### WHAT YOU NEED TO DO
Restate all of the entries exactly. Any picture in them should be skipped.
[[ EXERCISE INPUT, beginning ]]
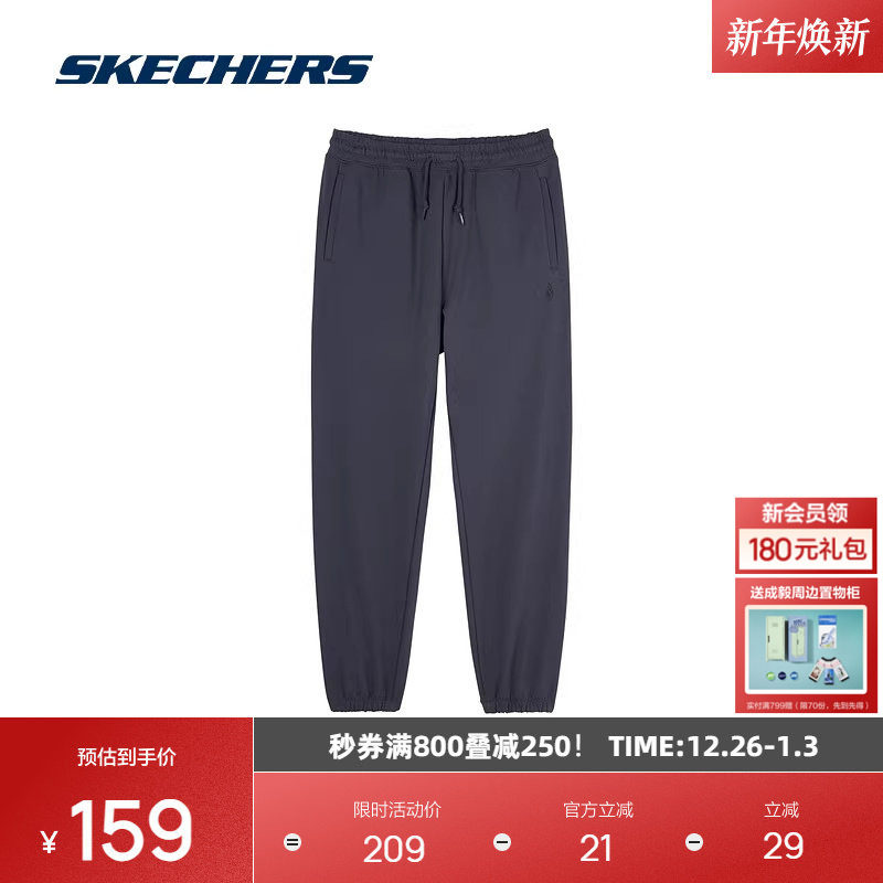 斯凯奇秋季新款男士运动长裤针织束脚裤宽松舒适亲肤简约风格个性
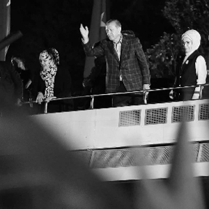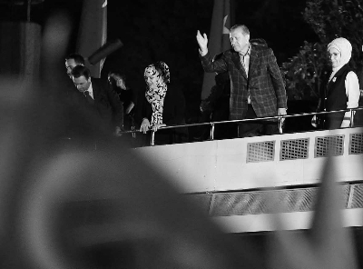 当地时间16日,土耳其总统埃尔多安与夫人(右一)出席集会,向支持者挥手示意 |
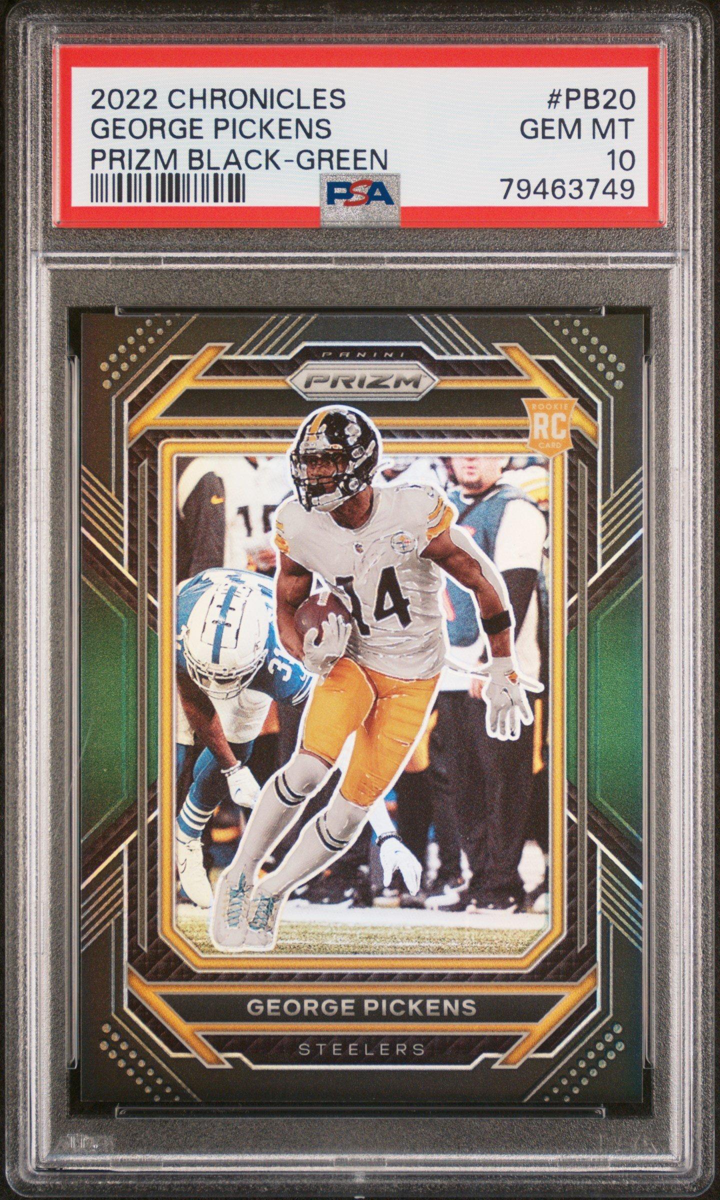 2022 Panini Chronicles Prizm Black Pb20 George Pickens Green PSA 102022 Panini Chronicles Prizm Black Pb20 George Pickens Green PSA 10
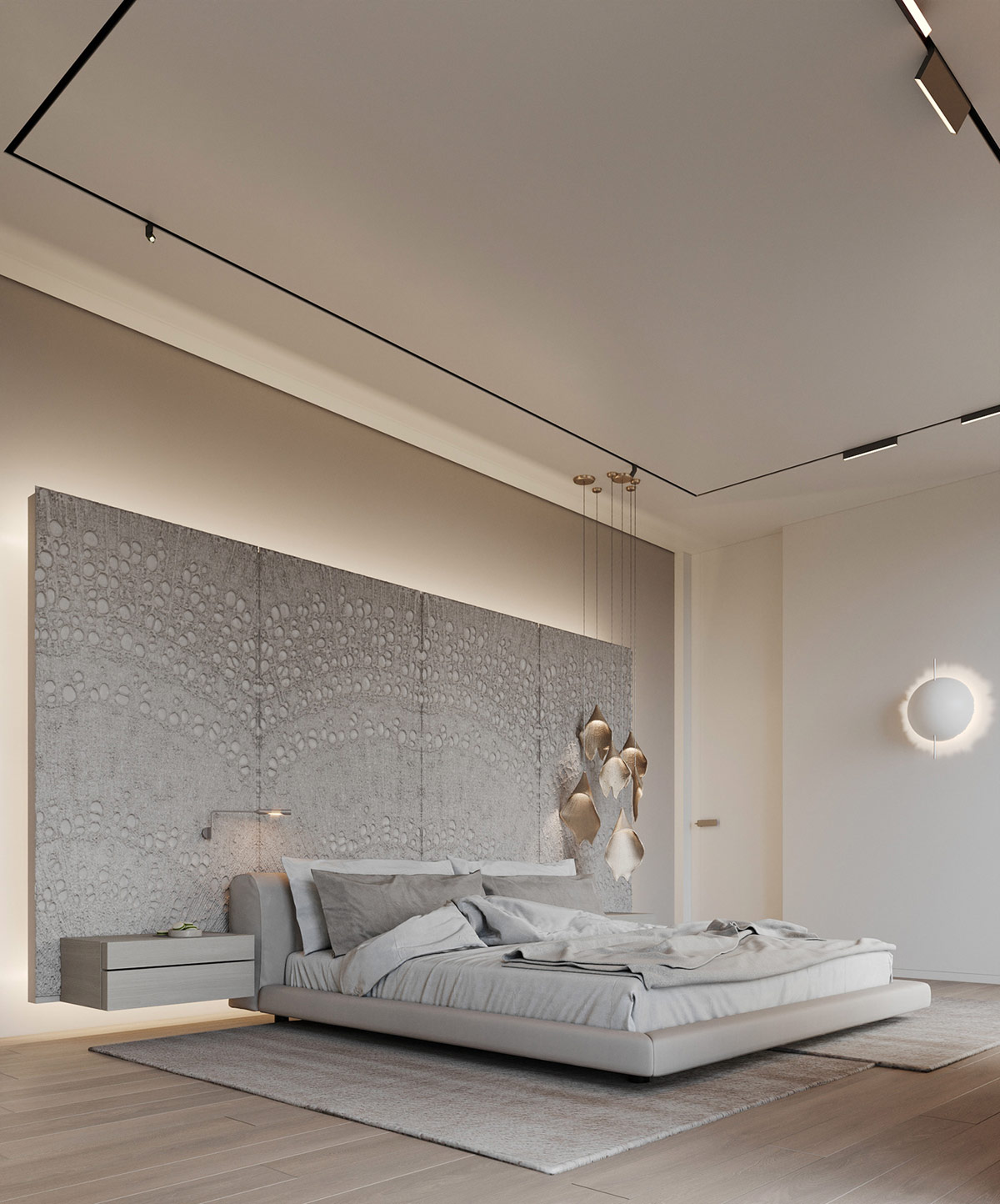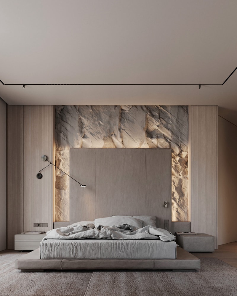 浮動(dòng)床頭柜貼在帶紋理的藝術(shù)墻上。
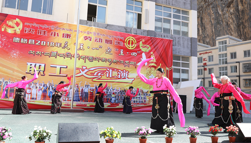 日前,由德格縣委、縣政府主辦,縣委宣傳部、縣群團黨支部、縣文旅廣新局承辦的2018年慶“五一”迎“五四”職工文藝匯演活動在該縣中學舉行,來自全縣各行業(yè)勞模代表、青年代表、各級各部門干部職工、縣中學學生和教職員工2000余人觀看了演出。
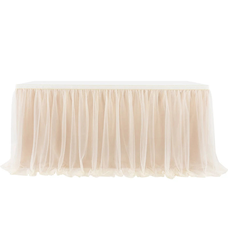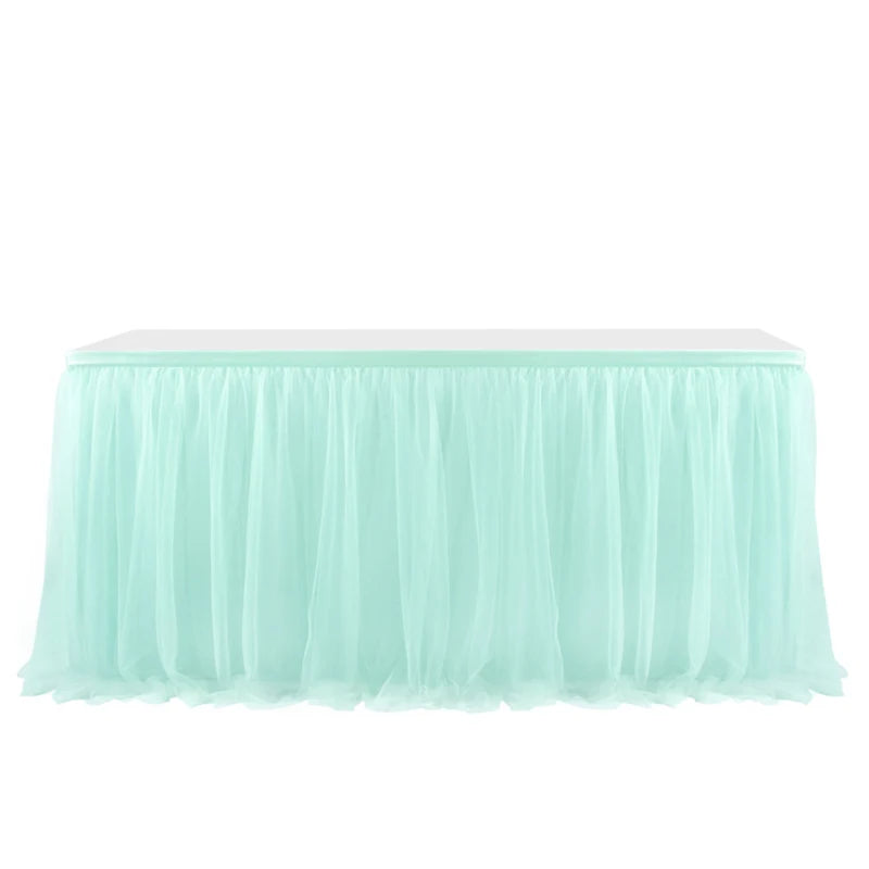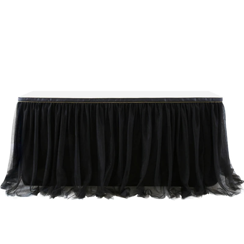 Saia De Mesa De Tule 4/6 Pés Para Mesas Retangulares/Redondas
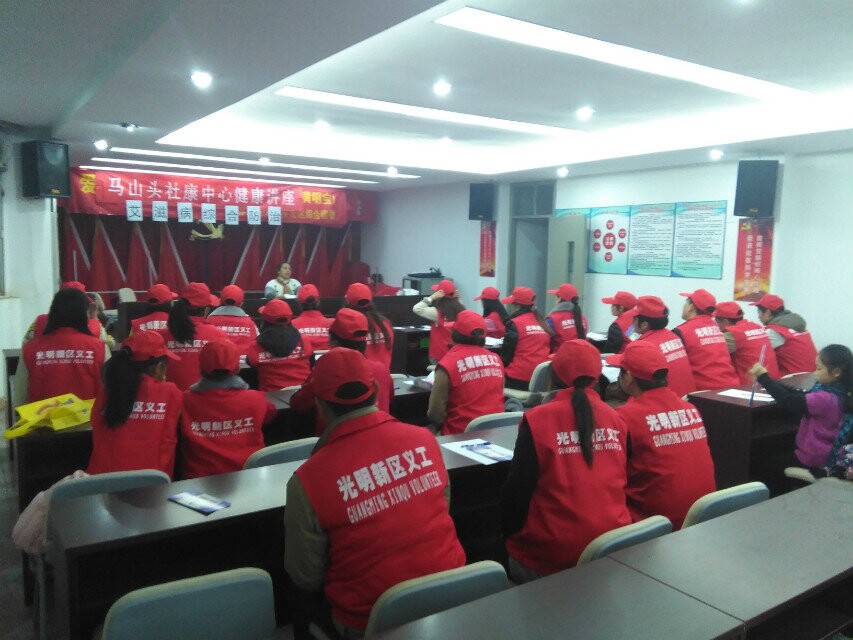 马山头居住的居民,大部分是来自全国各地的打工青年,他们的平均知识水平都对比较低,对艾滋病知识更是一点也不知,所以请来马山头社康中心的站长容先生,来给义工讲艾滋病的综合防治知识,然后再让参加的义工对艾滋病的综合防治进行宣传
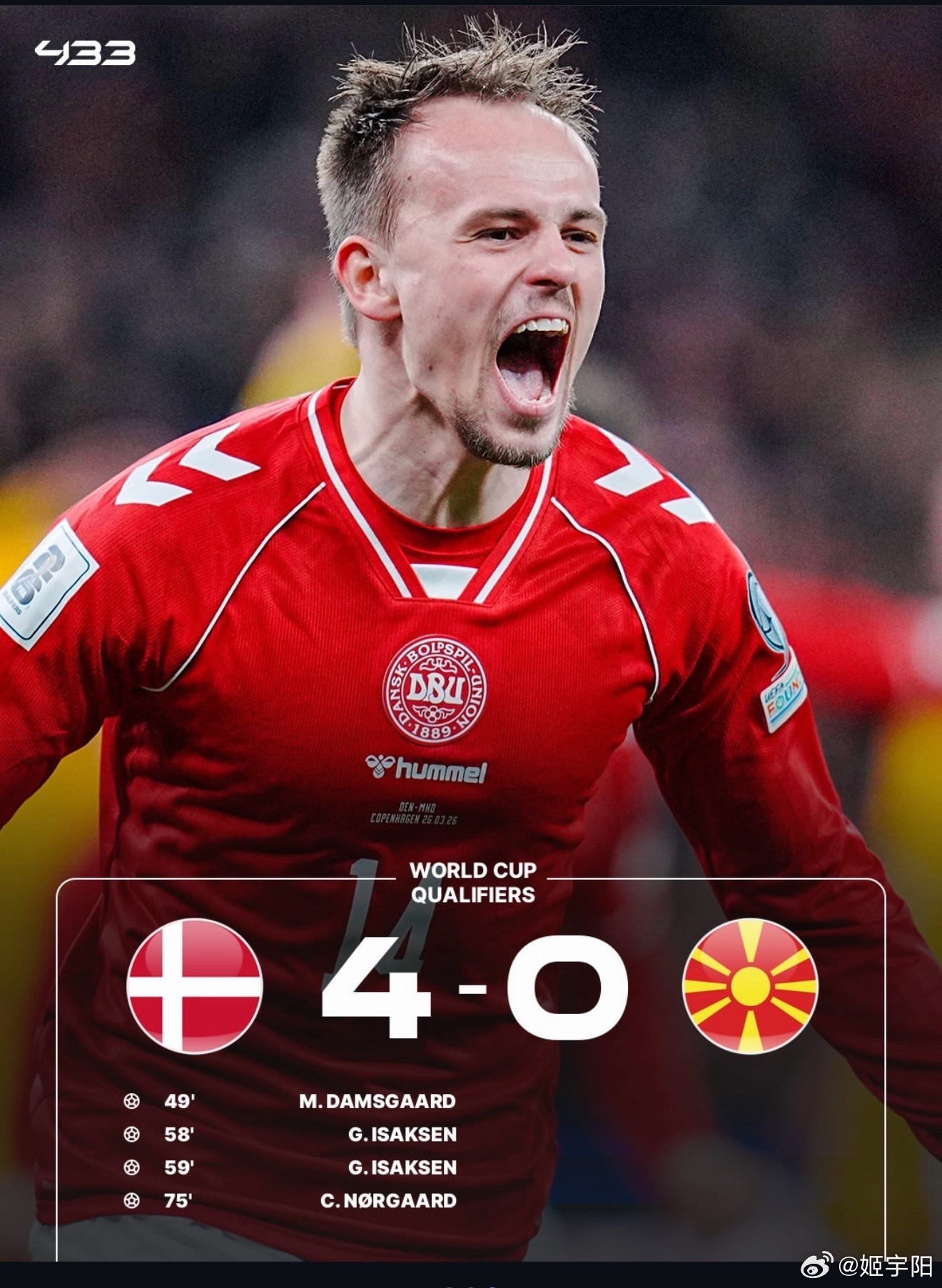 激烈残酷的欧洲区附加赛半决赛全部结束!意大利队依然活着!而三名中超外援所在的球队同时止步。罗马尼亚 0 比 1 输给土耳其,云南外援布尔克首发打满全场, 71 分钟替补登场的斯坦丘泪洒球场。北马其顿0 比 4 输给丹麦,大连英博另一名外援阿利米 64 分钟替补上场。
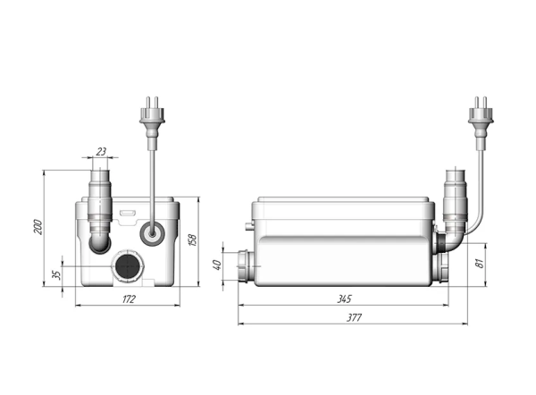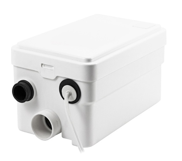 Бытовая канализационная насосная станция SANIVORT 255 M (напор 9 метров) — позволяет удалять сточные воды от раковин и душевых кабин, находящихся ниже уровня коллектора канализационной системы, а также в удаленных местах, где невозможно или нецелесообразно организовать канализацию самотеком. На верхней крышке станции имеется вентиляционное отверстие.
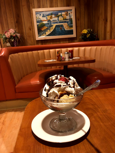 What a fantastic time capsule of an LA diner. Great daily specials and friendly staff. I like that they have the glass case with the rotating pies and cakes. But, what brings me back on occasion is there amazing vegetable soup! Critíca en Español: Que capsula de tiempo tan fantastica de lo que es un comerdor Angelino. Todos los dias tienen especialidades y los meseros son muy agradables. Me gusta que tienen la vitrina que da vueltas y dentro estan los pasteles y tartas. Pero lo que me hace regresar ocacionalmente es la sopa de verduras!
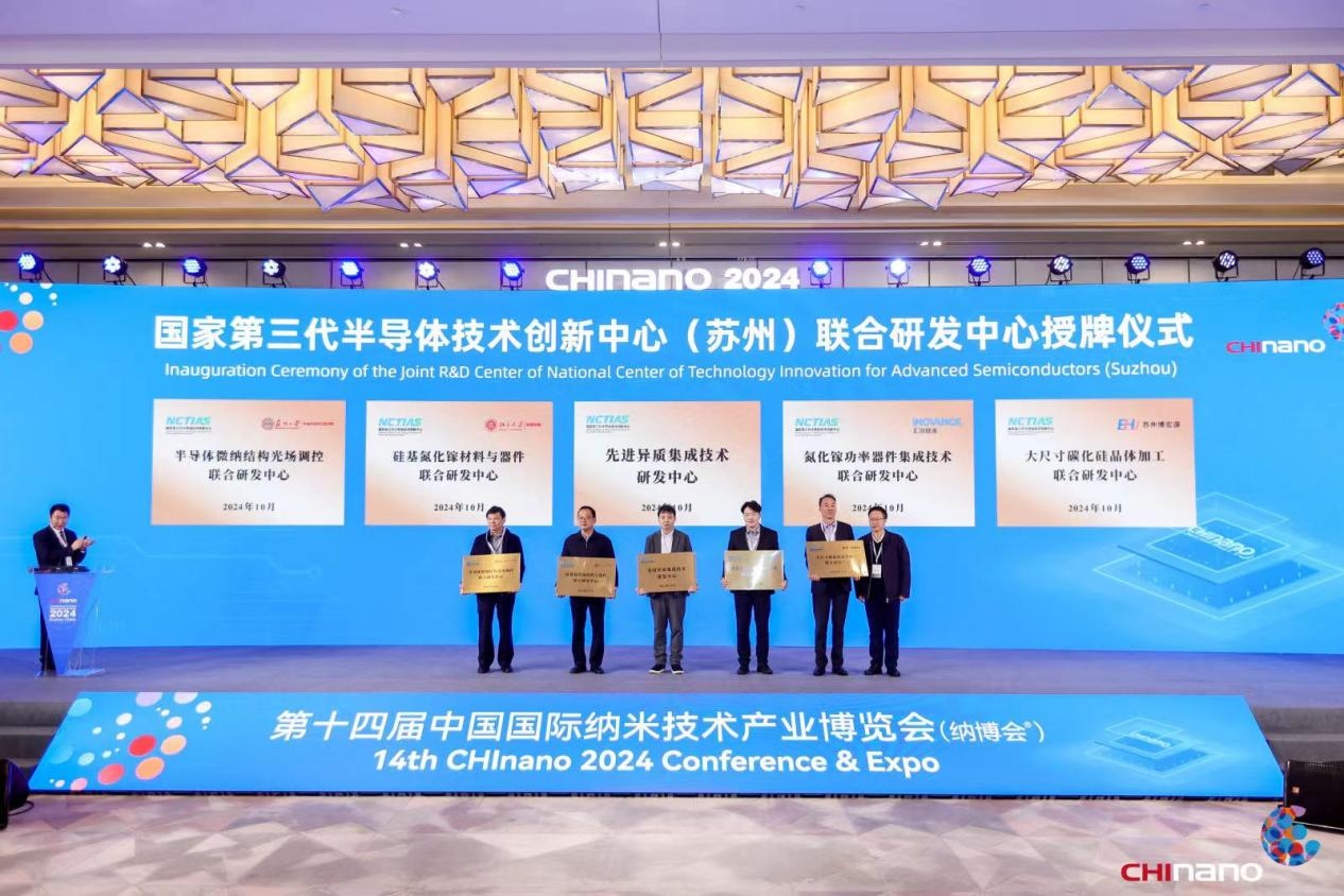 10月23日,第十四屆中國國際納米技術(shù)產(chǎn)業(yè)博覽會在蘇州工業(yè)園區(qū)開幕。開幕式上,國家第三代半導體技術(shù)創(chuàng)新中心(蘇州)重大成果發(fā)布、國家第三代半導體技術(shù)創(chuàng)新中心(蘇州)聯(lián)合研發(fā)中心授牌、一批高質(zhì)量項目現(xiàn)場簽約。
[[ EXERCISE INPUT, end ]]
### SOLUTION
 斯凯奇秋季新款男士运动长裤针织束脚裤宽松舒适亲肤简约风格个性
 当地时间16日,土耳其总统埃尔多安与夫人(右一)出席集会,向支持者挥手示意 |
 2022 Panini Chronicles Prizm Black Pb20 George Pickens Green PSA 102022 Panini Chronicles Prizm Black Pb20 George Pickens Green PSA 10
 浮動(dòng)床頭柜貼在帶紋理的藝術(shù)墻上。
 日前,由德格縣委、縣政府主辦,縣委宣傳部、縣群團黨支部、縣文旅廣新局承辦的2018年慶“五一”迎“五四”職工文藝匯演活動在該縣中學舉行,來自全縣各行業(yè)勞模代表、青年代表、各級各部門干部職工、縣中學學生和教職員工2000余人觀看了演出。
 Saia De Mesa De Tule 4/6 Pés Para Mesas Retangulares/Redondas
 马山头居住的居民,大部分是来自全国各地的打工青年,他们的平均知识水平都对比较低,对艾滋病知识更是一点也不知,所以请来马山头社康中心的站长容先生,来给义工讲艾滋病的综合防治知识,然后再让参加的义工对艾滋病的综合防治进行宣传
 激烈残酷的欧洲区附加赛半决赛全部结束!意大利队依然活着!而三名中超外援所在的球队同时止步。罗马尼亚 0 比 1 输给土耳其,云南外援布尔克首发打满全场, 71 分钟替补登场的斯坦丘泪洒球场。北马其顿0 比 4 输给丹麦,大连英博另一名外援阿利米 64 分钟替补上场。
 Бытовая канализационная насосная станция SANIVORT 255 M (напор 9 метров) — позволяет удалять сточные воды от раковин и душевых кабин, находящихся ниже уровня коллектора канализационной системы, а также в удаленных местах, где невозможно или нецелесообразно организовать канализацию самотеком. На верхней крышке станции имеется вентиляционное отверстие.
 What a fantastic time capsule of an LA diner. Great daily specials and friendly staff. I like that they have the glass case with the rotating pies and cakes. But, what brings me back on occasion is there amazing vegetable soup! Critíca en Español: Que capsula de tiempo tan fantastica de lo que es un comerdor Angelino. Todos los dias tienen especialidades y los meseros son muy agradables. Me gusta que tienen la vitrina que da vueltas y dentro estan los pasteles y tartas. Pero lo que me hace regresar ocacionalmente es la sopa de verduras!
 10月23日,第十四屆中國國際納米技術(shù)產(chǎn)業(yè)博覽會在蘇州工業(yè)園區(qū)開幕。開幕式上,國家第三代半導體技術(shù)創(chuàng)新中心(蘇州)重大成果發(fā)布、國家第三代半導體技術(shù)創(chuàng)新中心(蘇州)聯(lián)合研發(fā)中心授牌、一批高質(zhì)量項目現(xiàn)場簽約。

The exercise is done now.